The order is contrary to law for several reasons.

First, most of the information that Starbucks seeks though this subpoena is protected by section 7 of the NLRA, which prohibits interference, restraint, or coercion of workers’ rights to join or support a union. Under section 7, a company cannot force workers to reveal what they said to each other or to the union, or to name names of who supports or opposes the union, or to hand over passwords to private email accounts regarding union matters. The right to keep this information confidential is necessary to prevent retaliation. For that reason, in a series of cases going back decades, the NLRB has held that some communications among and between employees and union representatives are shielded from disclosure because they reveal employee section 7 activity or collective-bargaining strategy.

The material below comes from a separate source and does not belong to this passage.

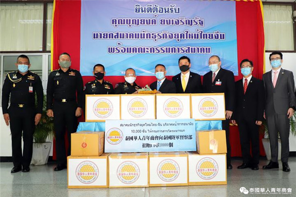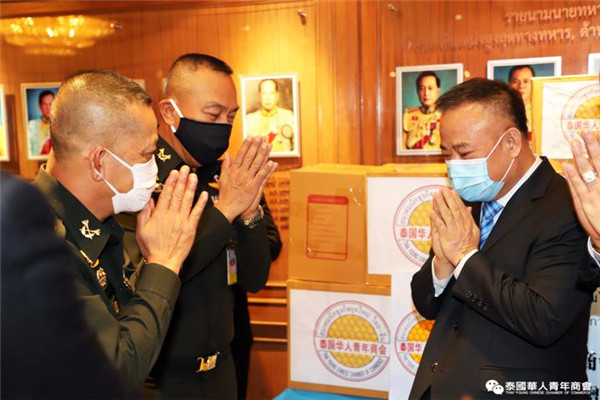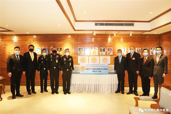 目前,泰国新冠疫情逐步缓解,限制措施逐渐放开,泰国的防疫工作面临新的挑战。泰国中华总商会副主席暨各行业公会联谊会执行主任、泰国华人青年商会会长李桂雄,泰国华人青年商会执行会长李嘉淳等,于2020年5月22日上午,代表青年商会分别向泰国御林军部、泰国陆军督察部、泰国陆军防空指挥部共计捐赠40000个医用口罩及酒精湿巾等防疫物资,受到泰国御林军第一师师长颂鹏·莎少恩少将,泰国陆军督察部总指挥瓦察林·苏湾那林少将、副总指挥拉差达·旺阿里上校,泰国陆军防空指挥部总指挥攀罗·芬福中将等的欢迎和会见。 ปัจจุบันสถานการณ์โควิด-19 ในประเทศไทย คลี่คลายอย่างต่อเนื่อง มาตรการป้องกันต่างๆเริ่มผ่อนคลาย นายบุญยงค์ ยงเจริญรัฐ รองประธาน หอการค้าไทย-จีนและนายกสมาคมนักธุรกิจยุคใหม่ไทย-จีน, นายชุน ไพลีนดีเลิศ นายกบริหารและเลขาธิการสมาคมฯ พร้อมด้วยตัวแทนในนามของสมาคมฯได้มอบหน้ากากอนามัย 40,000 ชิ้น ให้กองพลที่ 1 รักษาพระองค์, กรมการสารวัตรทหารบก และหน่วยบัญชาการป้องกันภัยทางอากาศกองทัพบก ได้รับการต้อนรับจาก พลตรี ทรงพล สาดเสาเงิน ผู้บัญชาการกองพลที่ 1 รักษาพระองค์, พลตรี วัชชรินทร์ สุวรรณรินทร์ เจ้ากรมการสารวัตรทหารบก, พันเอก รชต วงษ์อารีย์ รองเจ้ากรมการสารวัตรทหารบก และพลโท พัลลภ เฟื่องฟู ผู้บัญชาการหน่วยบัญชาการป้องกันภัยทางอากาศกองทัพบก อย่างอบอุ่น เมื่อเช้าวันที่ 22 พฤษภาคม 2563 ที่ผ่านมา

Second, the vast scope of the court-ordered production of information, much of which is irrelevant to the NLRB’s request for an injunction against ongoing Starbucks unfair labor practices in Buffalo and Rochester, violates the rule that litigants cannot use subpoenas or other civil discovery devices to harass their adversary. Indeed, it is a disciplinary violation for a lawyer to seek to do so. What workers nationwide have said to the union about their views on unionization has nothing to do with whether Starbucks workers in Buffalo or Rochester should be protected from retaliation. But forcing the union staff and lawyers to find, review, and make available to Starbucks’s lawyers tens of thousands of emails and text messages sent or received in the last 15 months will cost an enormous amount of time and money. Indeed, even the emergency appeal seeking to overturn the judge’s order takes time and money that union staff and lawyers can ill afford. Given the irrelevance of most of the material, the subpoenas serve little purpose other than harassment.

Third, some of the information the judge ordered the union to produce will reveal the union’s litigation strategy; it is therefore protected from disclosure under the attorney work product doctrine. Some may be protected from disclosure by NLRB doctrine intended to protect against witness intimidation that could follow release of NLRB investigative materials.

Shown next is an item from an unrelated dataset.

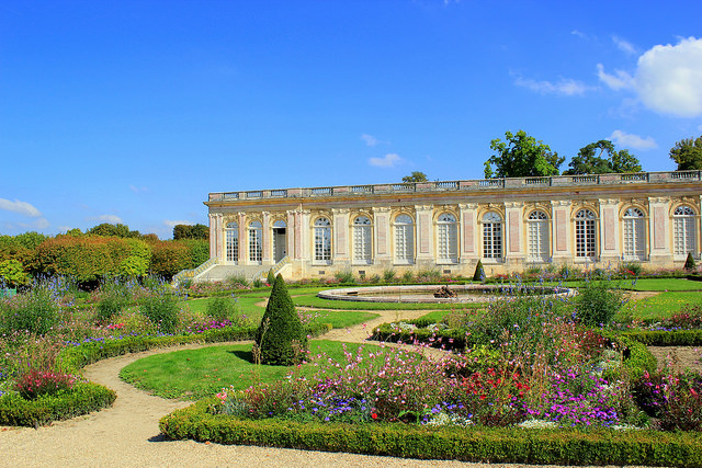 A wing of the Grand Trianon frames the garden courtyard nicely

Fourth, the First Amendment casts doubt on the portion of the district court order compelling production of names or other information that could identify those who belong to or support the union at stores where no election petition is pending. In NAACP v. Alabama, the Supreme Court reversed a lower court order compelling the NAACP to produce membership lists in litigation because disclosure would burden freedom of association and had no bearing on the issues in the litigation. In International Union v. Garner, a court extended the rationale of NAACP v. Alabama to information about those who attended union meetings and signed authorization cards.

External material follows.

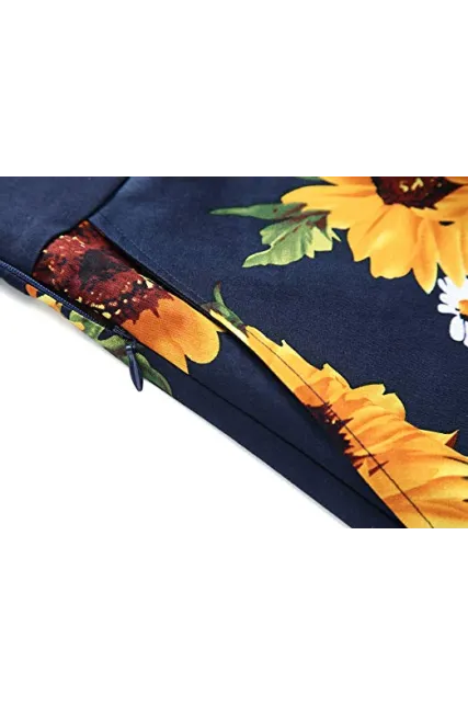 - Features sleeveless, round neck, floral skirt bottom, with two open pockets

Lawyers for Starbucks are cleverly seeking to turn the NLRB’s proceeding to get an injunction against ongoing unfair labor practices at several Starbucks stores in western New York state into a device to get confidential information about the entire Workers United organizing campaign. If the Second Circuit does not overturn the district judge’s order, it will license lawyers to use civil litigation to attack workers and their unions nationwide.